В европейской культуре сохранилось предчувствие того, что истина не всегда выражается словами, что она не всегда может быть открыта за письменным столом или в научных дискуссиях. В ночных размышлениях современного философа может быть не меньше мистического, чем в молитвах средневекового анахорета. Что такое истина, как она открывается человеку – непрекращающийся вопрос. В наше время Хайдеггер поразил современников, в умах которых прочно утвердилось понимание истины как соответствия мышления бытию, онтологической теорией истины, согласно которой ее условием является несокрытость самого бытия: истина – это свойство, прежде всего, бытия, а уж потом – знания. Христианская теория истины не совпадает ни с античной «алетейей», ни с гносеологическим или семантическим истолкованием соответствия высказываний объективным положениям дел. Откровение – не феноменологический и не гносеологический акт, а опыт пребывания в истине. Оно мыслится как непосредственное, без участия третьего общение души с Богом. Этот теолого-эротический опыт пребывания в истине несомненно продолжает и развивает древнее чувство единства человека с другим человеком. Даже опыт церкви, как он описан в «Послании к римлянам», есть ни что иное, как продолжение древнего опыта переживания солидарности и коммунитарности.
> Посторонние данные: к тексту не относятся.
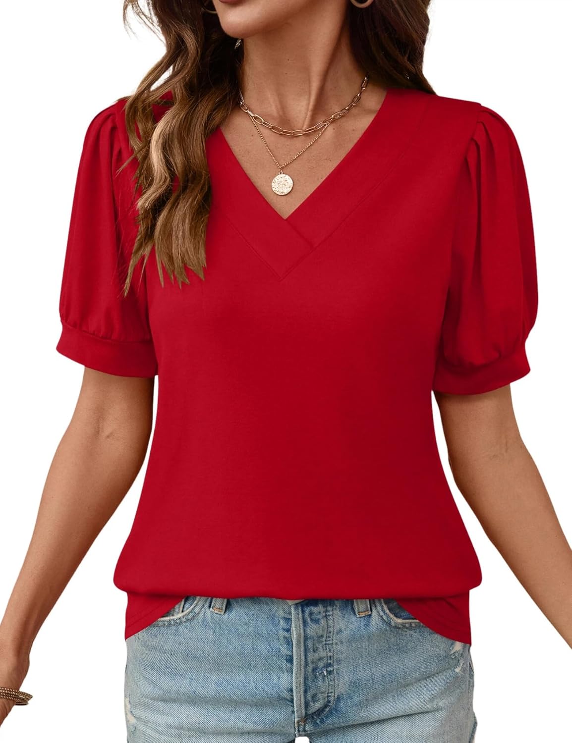 Rapbin Womens Summer Tops Puff Short Sleeve Shirts V Neck Blouses Business Casual Tunic Spring Fashion Clothes 2026
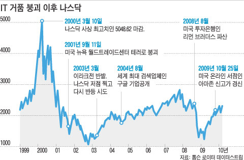 대표적인 버블이 바로 2000년 초에 있었던 나스닥 닷컴 버블입니다. 이때문에 2000년 초 당시 국내증시도 IT관련 기업의 주가가 폭등했다가 폭락한 사례가 많습니다. 많은 기업들이 파산하기도 했구요.
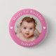 Adorable personalised photo, name and age birthday pink button.
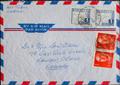 56(2). 1960. 4 pts ultramar, dos sellos y 1 pts naranja de España, dos sellos. ANDORRA LA VIEJA a LONDON (CANADA). MAGNIFICA.
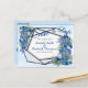 Geometric gold-navy frames with blue corn-flowers, white roses & arum-lilies, blue spring flowers with a light blue textured paper background for a spring or summer stationary card
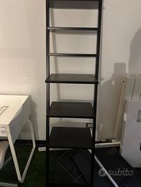 Libreria di Ikea, modello Hjalmaren, colore bianco. Altezza 188 cm x larghezza 44 cm (barra di appoggio sul muro - 50 cm) x profondità 34 cm con 6 mensole (prime 3 in alto con profondità 20 cm e altre 3 in basso profondo 33 cm). Condizioni come nuova, senza imperfezioni.
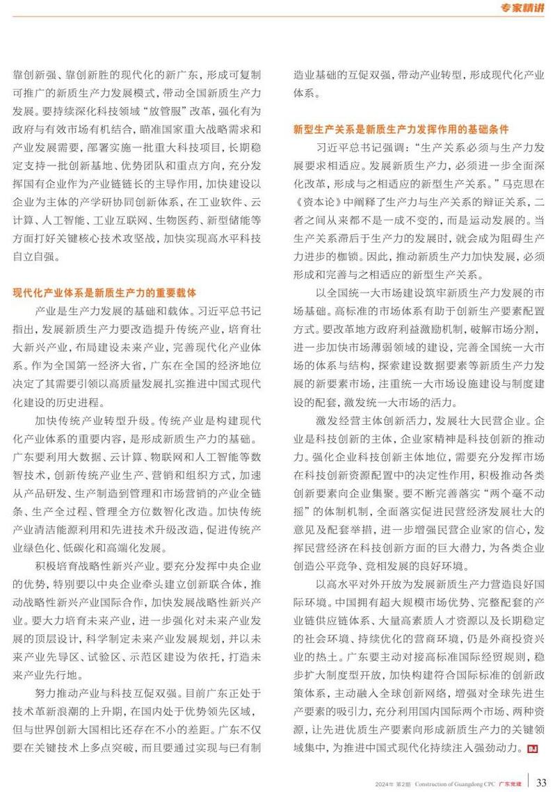 产业是生产力发展的基础和载体。习近平总书记指出,发展新质生产力要改造提升传统产业,培育壮大新兴产业,布局建设未来产业,完善现代化产业体系。作为全国第一经济大省,广东在全国的经济地位决定了其需要引领以高质量发展扎实推进中国式现代化建设的历史进程。
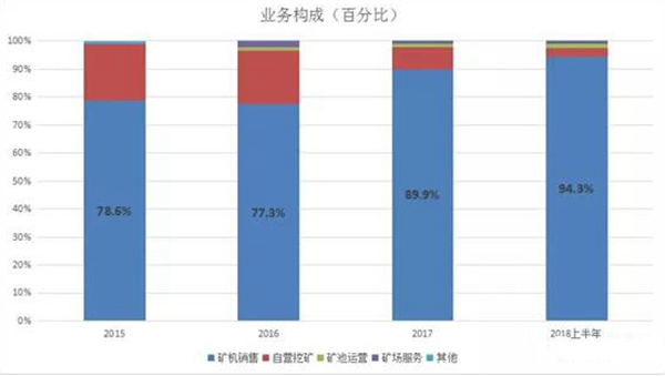 比特大陆的收入主要来源于矿机销售、矿池联运、矿场服务、自营挖矿四大业务。其中,矿机销售占比最大,2018年上半年营收占比高达94.3%;第二大业务自营挖矿占比不断下降,从2015年的20.3%降到2018年上半年的3.3%;矿池运营和矿场服务占比较少。
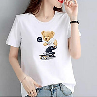 Áo thun nữ MXM cổ tròn form rộng in gấu dễ thương thun cotton 4 chiều từ 45-60kg ( ANU082 )
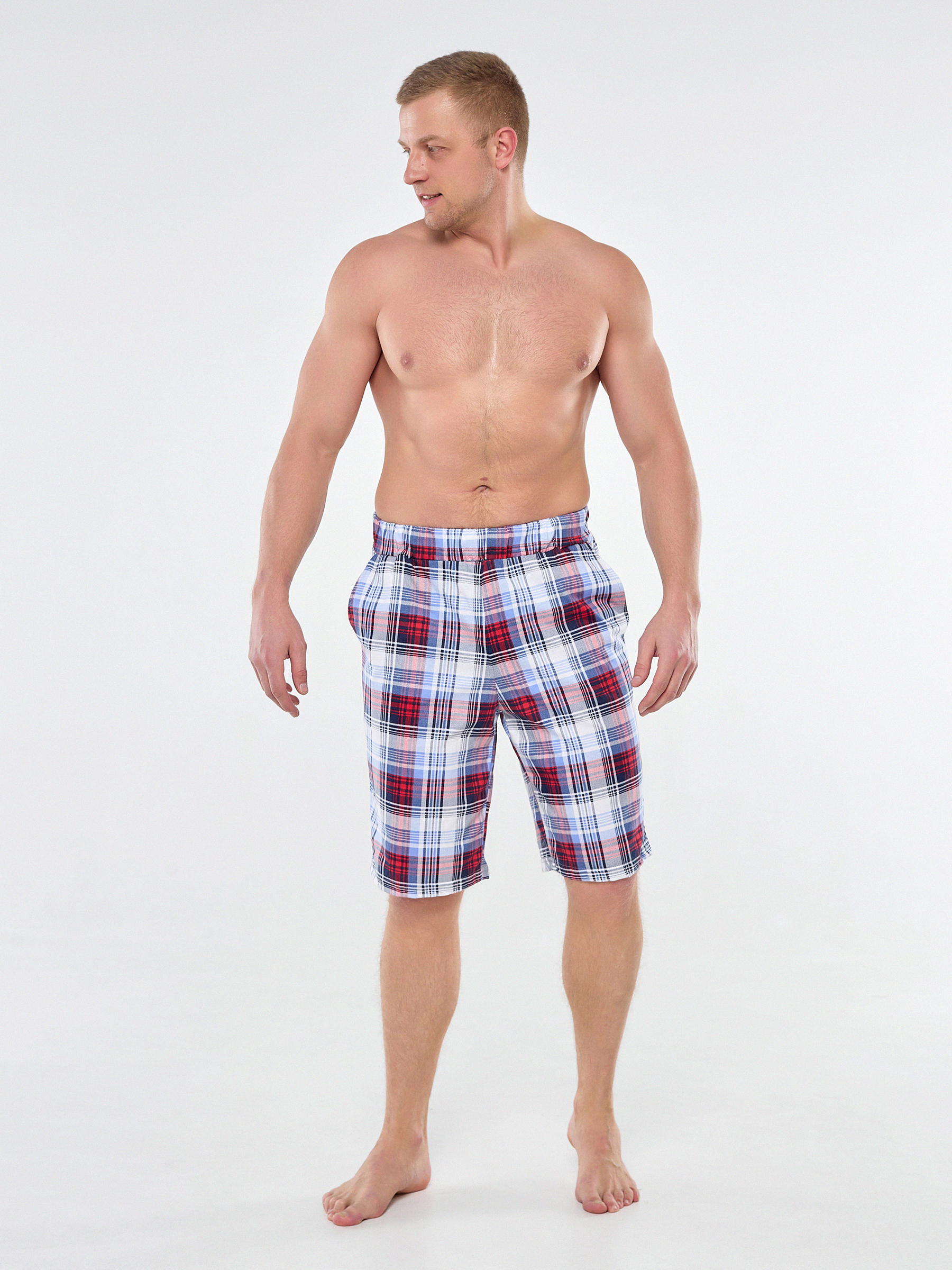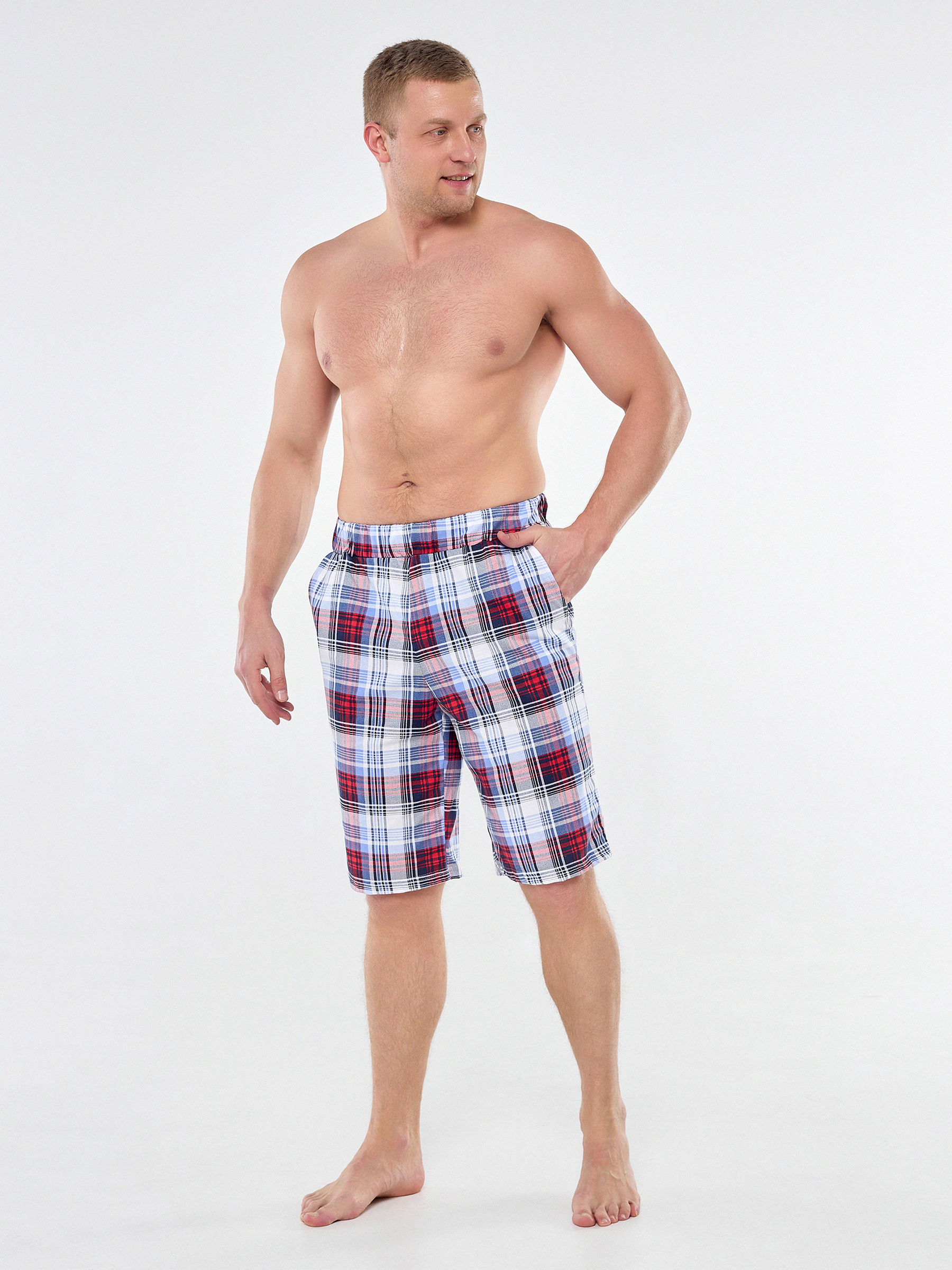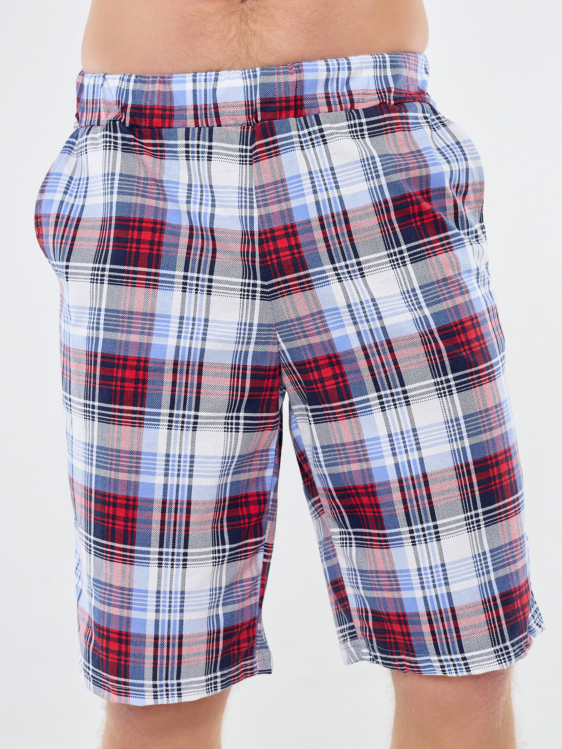 Мужские хлопковые домашние шорты с карманами по бокам.
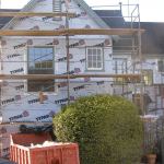 I also sometimes recommend housewraps like Tyvek or Typar, particularly for projects in the rainy season. Felt paper that gets wet tends to bubble out between fasteners, and shingling over bubbled paper can lead to cracked and split shingles. Housewraps don’t have this problem, so the entire house can be wrapped and kept reasonably dry. To prevent cedar extractives from bleeding onto the underlying housewrap, I always overlay the wrap with a single ply of Grade D paper as we shingle.
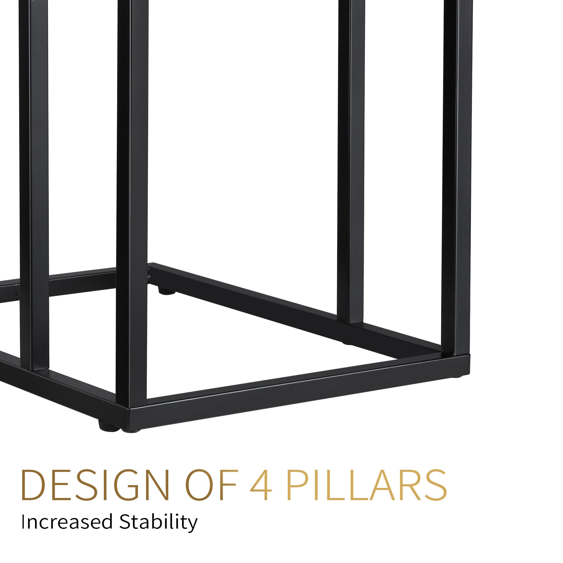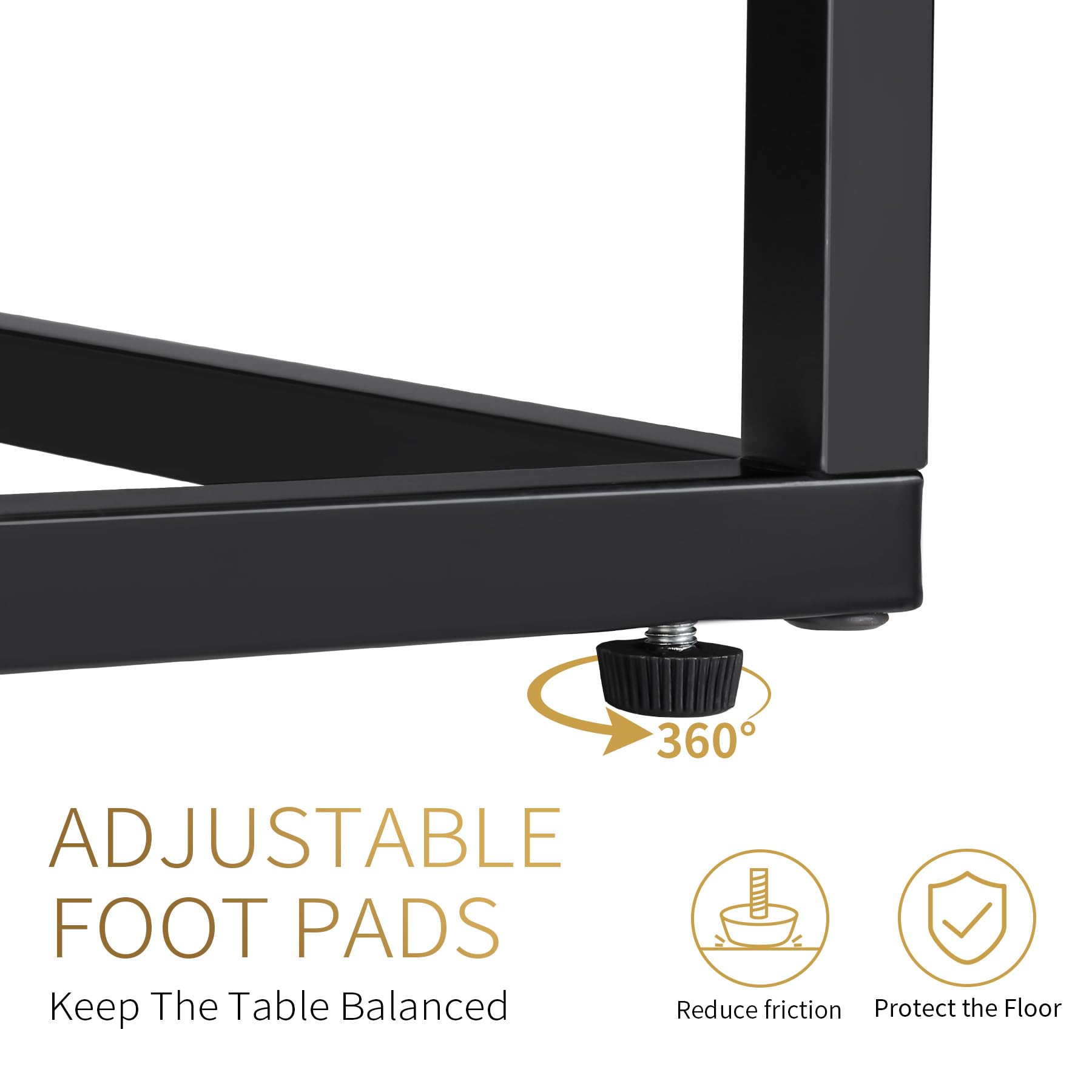 - Strong & Stable The strong black metal frame ensures the stability of this sofa side table, preventing it from shaking. It’s solid enough to support 25 lbs. The 4-leg support system adds extra stability while maintaining a minimalist style. Four adjustable feet will keep this c-shaped couch table balanced on slightly uneven ground, and prevent the floor from scratching.

Вообще истина сообщается не только письмом, но и пением и даже едой. Согласно теории соответствия высказывание «Сейчас идет дождь» истинно, если он действительно идет. Наоборот, я продуктивно съедаю кусочек просфиры с ложечкой кагора, если верю, что это тело и кровь Бога. Точно также музыка активно воспринимается тогда, когда она ложится на душу и приводит в возбуждение. Первое отличие от теории соответствия состоит в том, что нет никаких точных и убедительных аргументов для доказательства таинства евхаристии или прослушанной музыки: трудно сказать, где звучит музыка – внутри или снаружи – и где находится Бог, уклоняющийся от вербальной и визуальной коммуникации. Эти случаи характеризуют опыт партиципации, который опирается на условие компетентности: воспринять нечто в себя и позволить ему воспринять себя. С одной стороны, когда мы едим пищу, мы садимся за стол и входим в сообщество вкушающих. С другой стороны, никому из нормальных людей не придет в голову съесть то, что лежит на алтаре, ибо оно предназначено Богу. Это различие того, кто дает, и кто берет, является фундаментальным. Без него невозможно понять, как возможен человек, ощущающий трепет перед алтарем.

Интеллектуальная и даже моральная функция религии, сегодня уже не так высока, как раньше. Однако консолидирующая роль религии несомненна. После Великой французской революции вольнодумство оставалось так сказать частным делом, а открытый атеизм запрещался как разрушающий государственные устои. Собственно, этого никак не мог понять Ницше: ведь все знают, что Бога не, но почему-то ходят в церковь. В связи с этим он ставил вопрос, на что опирается религия, если отсутствует вера в существование Бога? Сам Ницше не был, конечно, атеистом. Его критика религии вызвана выхолащиванием ее содержания. Причиной ее упадка является «разволшебствование мира», утрата ощущения тайны и чуда. Поэтому Ницше в своих сочинениях пытался реанимировать миф и использовал для этого технику музыкального, изобразительного искусства и литературы. Его Заратустра – это своеобразная попытка соединить Христа с Дионисом. Но, конечно, силы искусства, как и философской мудрости, недостаточно для распространения христианства. Для этого потребовалась поддержка государства. Многие спорят о том, правильно ли поступил Константин, сделавший христианство государственной религией, не привело ли это к ослаблению Рима. На самом деле, христиане вовсе не являются «пятой колонной» в государстве. Как показывает история Средних веков, именно благодаря христианству оформились могущественные империи, противостоящие натиску Востока.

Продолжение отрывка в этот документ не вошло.